Being an Advocate for Women

“The devil is among us here at our seminary: women are being told they can preach.”

Those were the first words of a classmate’s sermon in my preaching class. He went on to berate the class with his interpretation of 1 Timothy 2:8-15 for another 20 minutes.

In some seminaries this type of sermon may not have been surprising, but this seminary officially stated that women are affirmed at all levels of church leadership. So, to say the least, I was stunned. But I shouldn’t have been. When it had been my turn to preach this student had been particularly critical of my sermon and delivery, even going as far as to accuse me of not having prepared or done good exegetical work. While other students had been encouraging in their feedback and constructive in their critiques, he had been unkind and unrestrained with his public criticism.

After he concluded his sermon, there was an uncomfortable silence in the room.

Finally, a male classmate spoke up and said gently but firmly, “I don’t agree with your conclusion. I believe the same Bible you do, but I believe that women can and should be pastors. Where is your love for God’s people, for women, and for God’s word in your sermon? You didn’t bring good news to the people of God.”

Another person may have commented, but I honestly don’t remember anyone else saying anything substantive. I do remember that the other two women in the class were absent that day, so my professor, who has a Ph.D. in homiletics and is a preacher herself, and I were the only women there. All the other male classmates looked uncomfortable and sat in silence.

In our next class session, more students were given the chance to provide feedback, and the student who had preached the sermon was told publicly by our professor that the seminary affirms and blesses all women preachers.

Women, he was admonished, are not sharing or testifying; they are preachers and pastors.

Then he was told that he would be unable to offer verbal critique in the future. After class, I spoke to two other male classmates who told me they disagreed with him and that “he was way out of line” with that sermon.

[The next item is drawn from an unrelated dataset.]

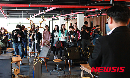 【정선=뉴시스】홍춘봉 기자 = 중국 광둥, 쓰촨, 푸젠, 저장, 윈난 등 5개 성의 5개 TV방송국 PD와 촬영기사, 리포터 등이 15일 태양의 후예 촬영지인 강원 정선군 삼탄아트마인에서 '한류현장'을 촬영하고 있다. 2016.04.15.

The next time I preached, I received no verbal critique from this student. However, he scribbled a written critique that was just as mean and attacking as he had been verbally. He was reprimanded again and forbidden from giving any further feedback to anyone. Of course, that didn’t stop him from sending me a couple of harassing emails.

I used to believe that the seminary and my classmates handled this situation as well as they could have: the uncooperative student was silenced (somewhat), publicly scolded for his behavior, and reminded of the seminary’s stance. But I don’t think so anymore.  Here are my reasons:

1. The class was supposed to be a safe space for men and women to learn to preach, but it wasn’t safe for women.

It was a hostile environment. The feedback after my first sermon was so harsh that it really undermined my confidence.  I expected that if I ever went into the world to preach there would be hardships because of my gender, but I never expected to find that in my preaching class at a seminary that affirms women in leadership! That student should have been asked to leave the class after he decided to attack me again. The advocate in this case should have been the seminary on behalf of all women, especially those in the class.

Over the years, I’ve been given advice by other women preachers that encouraged me to do some or all of the following:

  • ask the sound specialist to add more bass to the microphone when I preach, so my voice is more appealing to men;
  • dress in feminine clothes when I preach, so it’s not so threatening to men;
  • pull my hair back so I don’t play with it, and it’s not distracting to men;
  • wear a belt and a shirt with a collar so that the microphone (which is made for men and their clothes) will fit me comfortably.

The common thread here is that many women don’t find being a preacher is safe or easy, and feel pressured either to accommodate men, or equipment made for men, to be accepted. Depending on the congregation, these are realities for many of our sisters. Shouldn’t women be free of these stresses as they are learning to preach? And shouldn’t all of us advocate for safe spaces for women leaders in our churches? We all need safe spaces where there’s room to fail, grow, and learn. This is especially important for women, given the 2000 years that we were kept out of the pulpit and told to be quiet.

2. There were men in the class who should have advocated for women.

There are no silent allies. If someone is in quiet disagreement while women are being harassed and silenced, that person is not an ally—that person is, in fact, complicit in the oppression of women. When I think back on that class, I’m sometimes perplexed that only one student stood up to advocate against this bully. How is that possible when nearly everyone in the room disagreed with him? At least a couple of my classmates were happy to tell me they disagreed with him, but it’s not me they should have told!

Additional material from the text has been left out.